_WHAT TO WORK ON_:
Give the listing again word for word, excluding the pictures it contains.

########

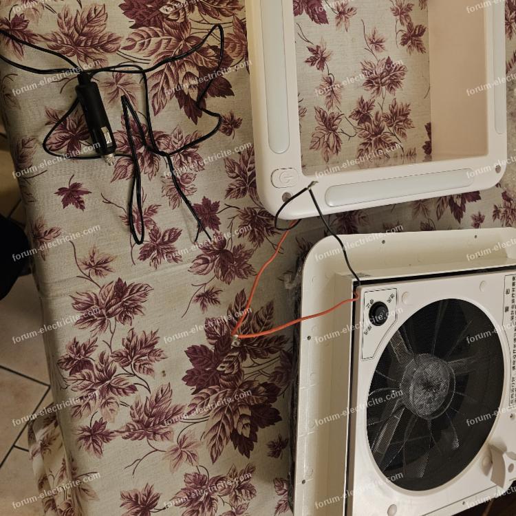 Pour le branchement j'ai procédé de la sorte (photo 1) j'ai relié les deux fil dénudés du ventilateur au deux fils dénudés de la lumière led.
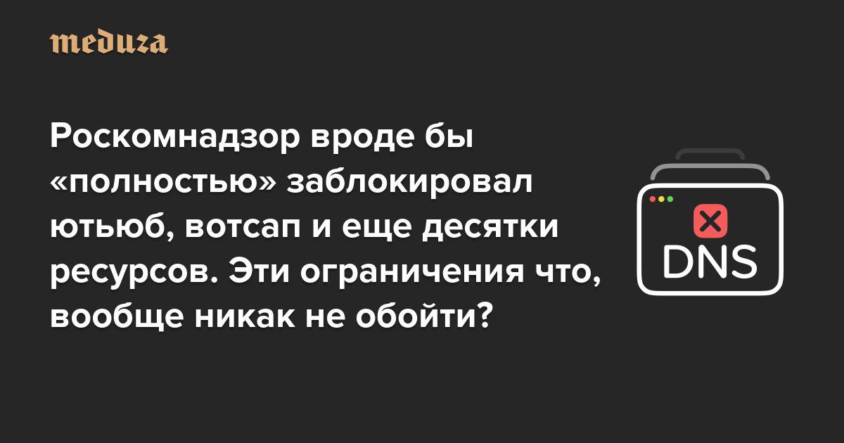 Но часто они разрешают клиентам прописывать в настройках другие DNS-серверы. То есть при желании можно даже при включенном VPN испытать на себе блокировки, предусмотренные в НСДИ, — и остаться без ютьюба, фейсбука и инстаграма.
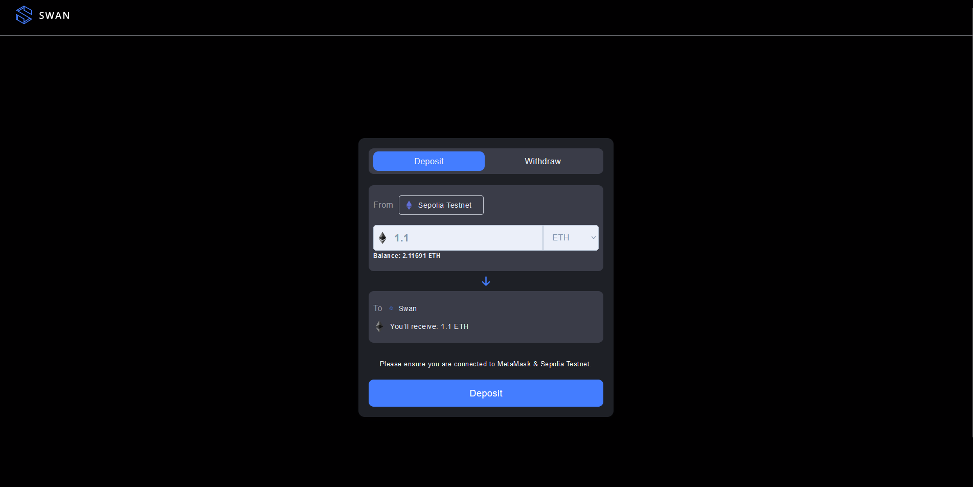 We can also click the "Withdraw" tab to bridge ETH back to Sepolia from Swan Network.
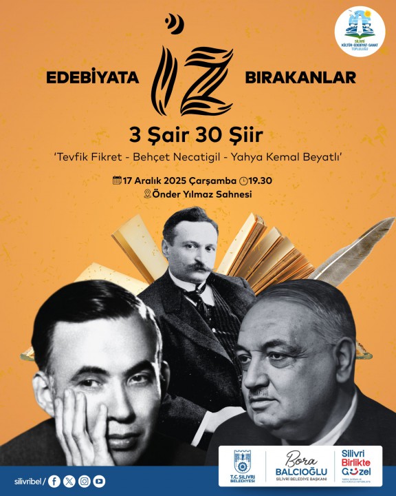 Silivri Belediyesi kültür ve sanat etkinlikleri düzenliyor. Bu bağlamda, 17 Aralık Çarşamba günü saat 19.30’da Önder Yılmaz Tiyatro Sahnesi’nde Türk edebiyatına yön vermiş üç büyük şairin seçkin eserleri edebiyatseverlerle buluşacak. Tevfik Fikret, Behçet Necatigil ve Yahya Kemal Beyatlı’nın dizeleriyle edebiyatın izinin sürüleceği etkinlik tüm vatandaşların katılımına açık olacak.
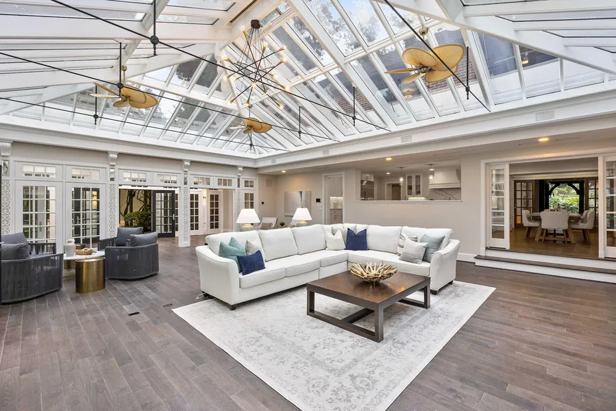 Steps away from Potomac Village, discretely nestled among towering mature trees on 1.41 flat, idyllic acres, is 9901 Meriden Road, a whimsical red brick tudor. Its classic exterior is an embodiment of old-world Potomac, meticulous in detail and elegant in proportion, giving way to a thoroughly modern interior which still manages to capture the homes original charm. In a stark juxtaposition to the traditional tudor ethos, the interiors are bright and airy, enhanced by natural light flooding in from every single brand-new window. Wide plank espresso domestic oak floors flow throughout, establishing a contemporary cohesion which sets the tone for the rest of the fully reimagined space. The banquet sized formal dining room boasts intricate millwork, sophisticated curved crown moldings, and clever hidden storage solutions. Complementing it is a walk-in temperature -controlled wine room. The chefs kitchen echoes this level of practicality and usability commercial 8-burner Viking range, twin dishwashers, quartz waterfall countertops, and a pass-through to the stunning conservatory help to create a dream space for any chef, whether domestic or professional. Said conservatory, under its glass roof laced with detailed metalwork, is unarguably the homes showstopper. A set of French doors affords direct outdoor access and seamlessly blends into an ethereal window wall. A modern feature wall complements ornate detail framing the entryway. The main level primary suite is of a caliber which matches the rest of the home. Its spa-inspired marble bath boasts an oversized shower lined in luxurious Bianco Puro marble tile as well as a floating freestanding tub. Upstairs, a second primary suite once again offers sumptuous accommodation via a designer bath and dual walk-in closets complete with built-ins and a large center island in one of these spacious closets. Secondary bedrooms have not been neglected and are each ample in scale, serviced by unique baths, each featuring stylish, modern tile design. Intricate tile is also a highlight in the conveniently located laundry room, completing the upper level. Throughout the home, a wifi-enabled Control4 system manages surround sound, while a new roof and HVAC units provide a sense of security. This sense of security continues outside, with new sod and a full French drainage system surrounding the property. Stepping outside of the large screened-in porch with cathedral ceilings, an entirely renovated pool, complete with a new energy-efficient heater and flagstone surround, offers a stunning supplement to the lush green backdrop. Unparalleled in its close-in location minutes away from major airports, world-class dining, first-rate entertainment, and superior shopping, not to mention some of the very best public and private schools in the nation, 9901 Meriden Road is a thoroughly unique home and fantastically rare opportunity.
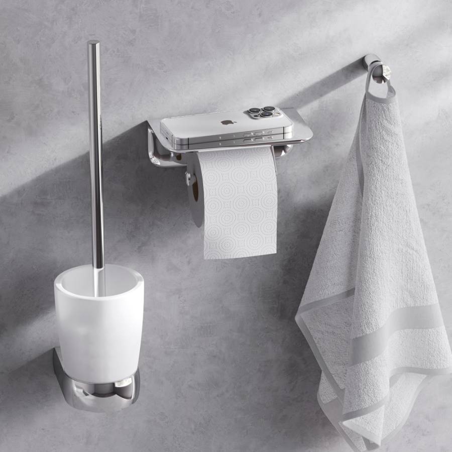 Занимая минимум места аксессуары Sensation помогут рационально организовать пространство и станут стильными акцентами в интерьере. В комплекте: крючок для полотенец держатель для туалетной бумаги с полкой стойка с туалетной щеткой. _x000D_
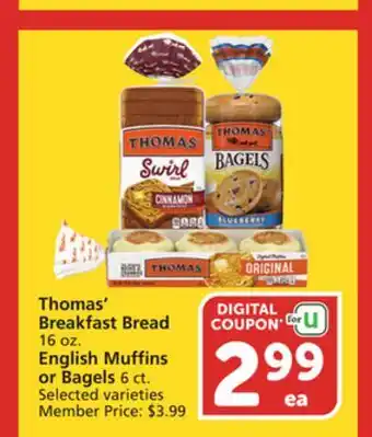Thomas' Breakfast Bread 16 oz. English Muffins or Bagels 6 ct Deal at Albertsons
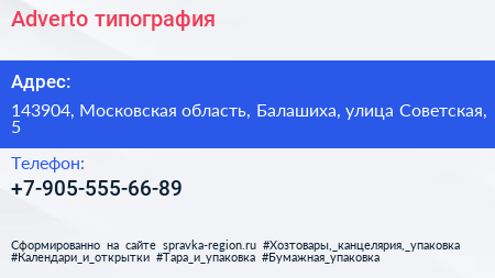 Adverto, типография по адресу 143904, Московская область, Балашиха, улица Советская, 5 в дальнейшем Организация, размещена в следующих категориях:
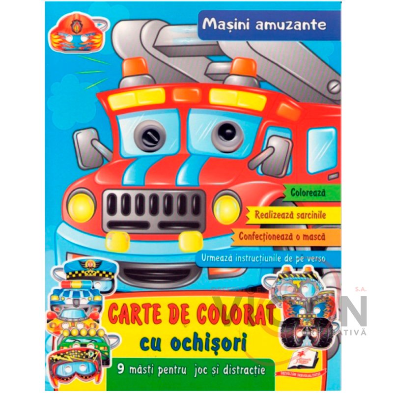 Carte de colorat cu ochisori. Masini amuzante. 9 masti

########

_RESPONSE_:
 Pour le branchement j'ai procédé de la sorte (photo 1) j'ai relié les deux fil dénudés du ventilateur au deux fils dénudés de la lumière led.
 Но часто они разрешают клиентам прописывать в настройках другие DNS-серверы. То есть при желании можно даже при включенном VPN испытать на себе блокировки, предусмотренные в НСДИ, — и остаться без ютьюба, фейсбука и инстаграма.
 We can also click the "Withdraw" tab to bridge ETH back to Sepolia from Swan Network.
 Silivri Belediyesi kültür ve sanat etkinlikleri düzenliyor. Bu bağlamda, 17 Aralık Çarşamba günü saat 19.30’da Önder Yılmaz Tiyatro Sahnesi’nde Türk edebiyatına yön vermiş üç büyük şairin seçkin eserleri edebiyatseverlerle buluşacak. Tevfik Fikret, Behçet Necatigil ve Yahya Kemal Beyatlı’nın dizeleriyle edebiyatın izinin sürüleceği etkinlik tüm vatandaşların katılımına açık olacak.
 Steps away from Potomac Village, discretely nestled among towering mature trees on 1.41 flat, idyllic acres, is 9901 Meriden Road, a whimsical red brick tudor. Its classic exterior is an embodiment of old-world Potomac, meticulous in detail and elegant in proportion, giving way to a thoroughly modern interior which still manages to capture the homes original charm. In a stark juxtaposition to the traditional tudor ethos, the interiors are bright and airy, enhanced by natural light flooding in from every single brand-new window. Wide plank espresso domestic oak floors flow throughout, establishing a contemporary cohesion which sets the tone for the rest of the fully reimagined space. The banquet sized formal dining room boasts intricate millwork, sophisticated curved crown moldings, and clever hidden storage solutions. Complementing it is a walk-in temperature -controlled wine room. The chefs kitchen echoes this level of practicality and usability commercial 8-burner Viking range, twin dishwashers, quartz waterfall countertops, and a pass-through to the stunning conservatory help to create a dream space for any chef, whether domestic or professional. Said conservatory, under its glass roof laced with detailed metalwork, is unarguably the homes showstopper. A set of French doors affords direct outdoor access and seamlessly blends into an ethereal window wall. A modern feature wall complements ornate detail framing the entryway. The main level primary suite is of a caliber which matches the rest of the home. Its spa-inspired marble bath boasts an oversized shower lined in luxurious Bianco Puro marble tile as well as a floating freestanding tub. Upstairs, a second primary suite once again offers sumptuous accommodation via a designer bath and dual walk-in closets complete with built-ins and a large center island in one of these spacious closets. Secondary bedrooms have not been neglected and are each ample in scale, serviced by unique baths, each featuring stylish, modern tile design. Intricate tile is also a highlight in the conveniently located laundry room, completing the upper level. Throughout the home, a wifi-enabled Control4 system manages surround sound, while a new roof and HVAC units provide a sense of security. This sense of security continues outside, with new sod and a full French drainage system surrounding the property. Stepping outside of the large screened-in porch with cathedral ceilings, an entirely renovated pool, complete with a new energy-efficient heater and flagstone surround, offers a stunning supplement to the lush green backdrop. Unparalleled in its close-in location minutes away from major airports, world-class dining, first-rate entertainment, and superior shopping, not to mention some of the very best public and private schools in the nation, 9901 Meriden Road is a thoroughly unique home and fantastically rare opportunity.
 Занимая минимум места аксессуары Sensation помогут рационально организовать пространство и станут стильными акцентами в интерьере. В комплекте: крючок для полотенец держатель для туалетной бумаги с полкой стойка с туалетной щеткой. _x000D_
Thomas' Breakfast Bread 16 oz. English Muffins or Bagels 6 ct Deal at Albertsons
 Adverto, типография по адресу 143904, Московская область, Балашиха, улица Советская, 5 в дальнейшем Организация, размещена в следующих категориях:
 Carte de colorat cu ochisori. Masini amuzante. 9 masti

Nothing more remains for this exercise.